Как будто поставив точку, Тилька во внезапно нахлынувшей тишине сделала глоток. Остывший, чай оказался не таким вкусным и, не долго думая, Тилька поставила чашку поближе к электрическому камину.

— А что же Хронос? Он простит своего помощника? — произнёс Зак, задумчиво перебирая в пальцах цепочку. Тилька горячо закивала.

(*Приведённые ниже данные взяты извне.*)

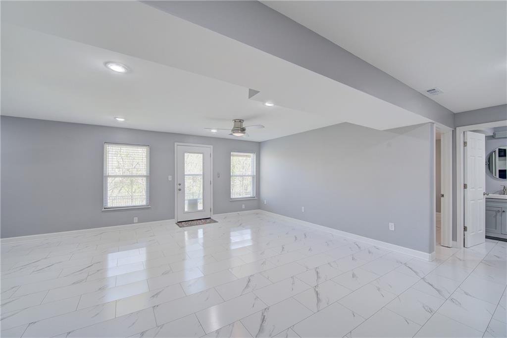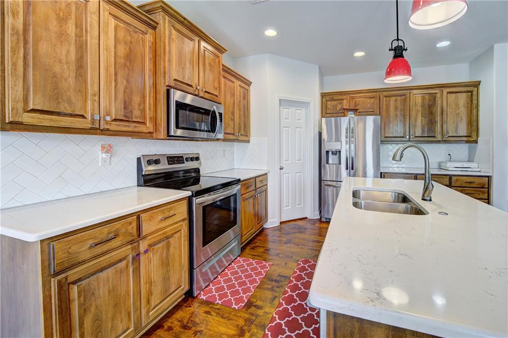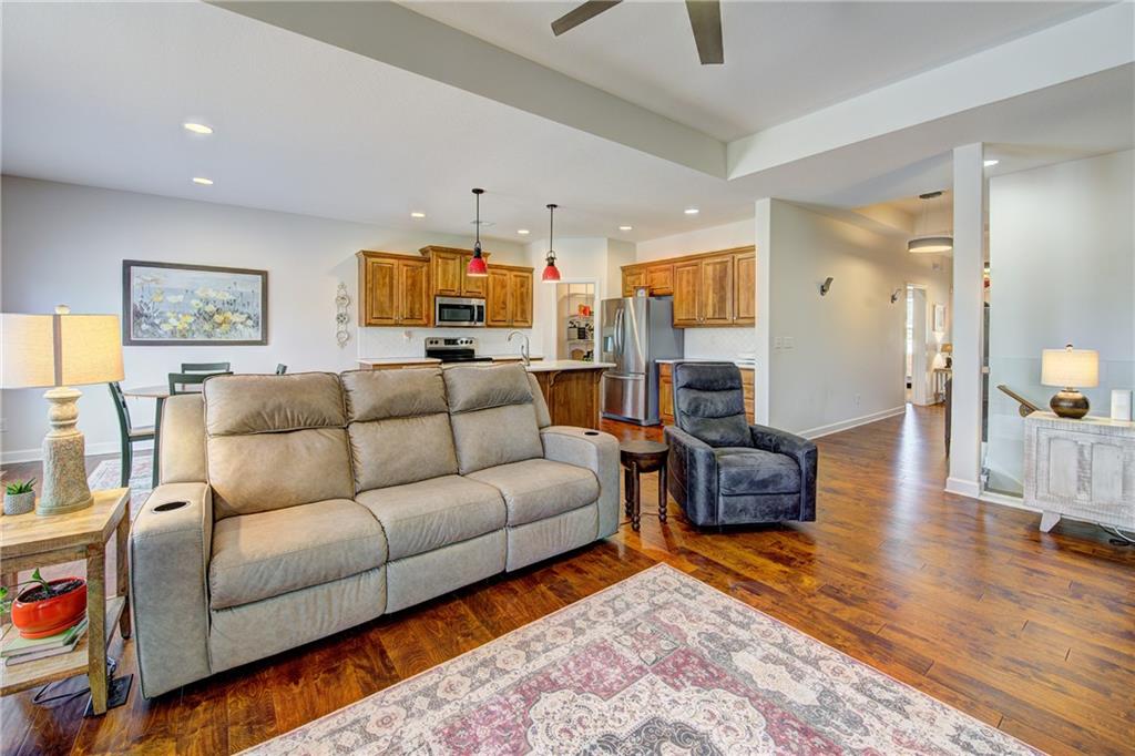 Better-than-new, maintenance-provided villa with a fenced yard that backs to trees and walking trail! Spacious and open floor plan includes the great room with gas fireplace and abundant natural light flowing seamlessly into the kitchen with walk in pantry, Quartz counters and large island with breakfast bar. The dining area walks out to a deck overlooking the backyard-perfect for relaxing and entertaining! The main-level primary suite is generously sized and includes a walk-in closet, double vanity, tile shower and private martini deck! Second bedroom, 2nd full bath and laundry room are also conveniently located on the main floor. The finished walkout lower level is ideal for multi-generation living with a large family room, wet bar, third bedroom, full bath, non-conforming fourth bedroom/office and access to the lower patio. Wired and ready with concrete pad for a generator! Maintenance-provided community includes lawn care, snow removal, and sprinkler system for only $132 per month. Fantastic location close to highways, shops, dining, walking trails and Stone Canyon Golf Course!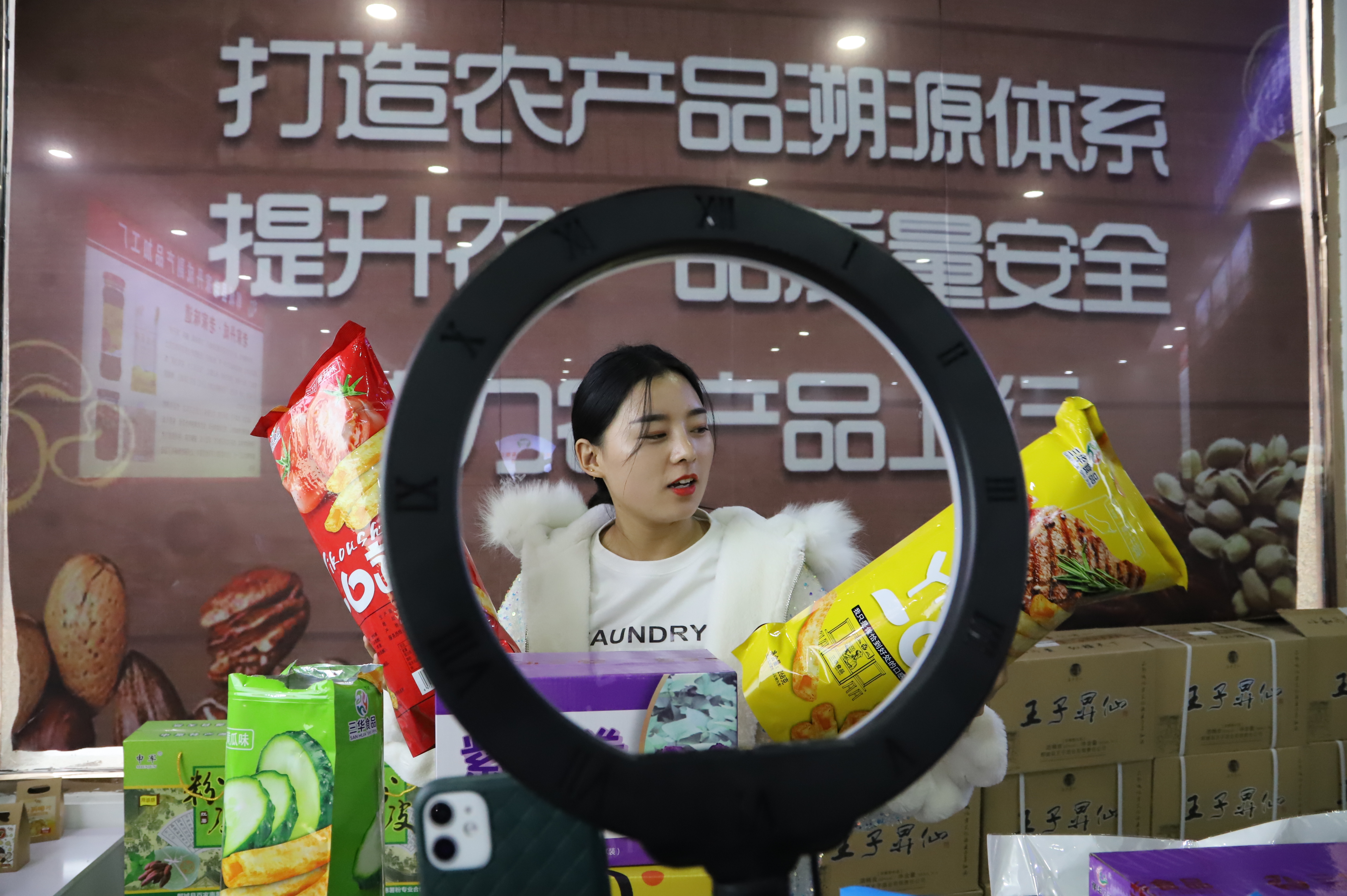 “我手上拿的是郸城特产,薯条、粉条、烤鸭蛋、麻花……我们网红产品有一个共同的名字——‘老家丹成’公共商标。”郸城县是财政部、商务部、国务院扶贫办综合司联合命名的第五批“国家电子商务进农村综合示范县”之一。11月30日,在郸城县电子商务服务中心,网红正在直播中,3分钟接到7个订单。近年来,该县在县城打造电商公共服务中心,培训县乡村各级电商人数达到8160人次,活跃在一线的网红越来越多,全县通过电商销售收入突破10亿元。“老家丹成”公共品牌,包含豫树食品、浩丹香油、面粉、豫京园香油、李记红薯、文玉食品、华星调味品等产品,孵化80余家上行店铺,让郸城县农副特产品利用公共品牌提高附加值,将有机面粉、小麦、红薯、粉丝、黑皮冬瓜、山药、面皮、辣椒酱、香油等本县特产销往全国,从而带动贫困户脱贫致富。

— Простит, конечно. Не до конца, но, знаешь…

***

Седоволосый торговец антикварной лавки сидел и улыбался, вслушиваясь в размеренный шёпот десятков стрелок. А, может, и впрямь простить, выпустить впрямь, быть может?

***

Глаза безвременного узника пустоты были цвета весны: молодой листвы и бесконечно синего, перерождённого, омытого солнцем неба. Эти глаза смеялись, а в чашке на коленях остывал земляничный чай.

— Всё-таки я был прав? — спросил узник тихо без упрёка, без злобы, без торжества.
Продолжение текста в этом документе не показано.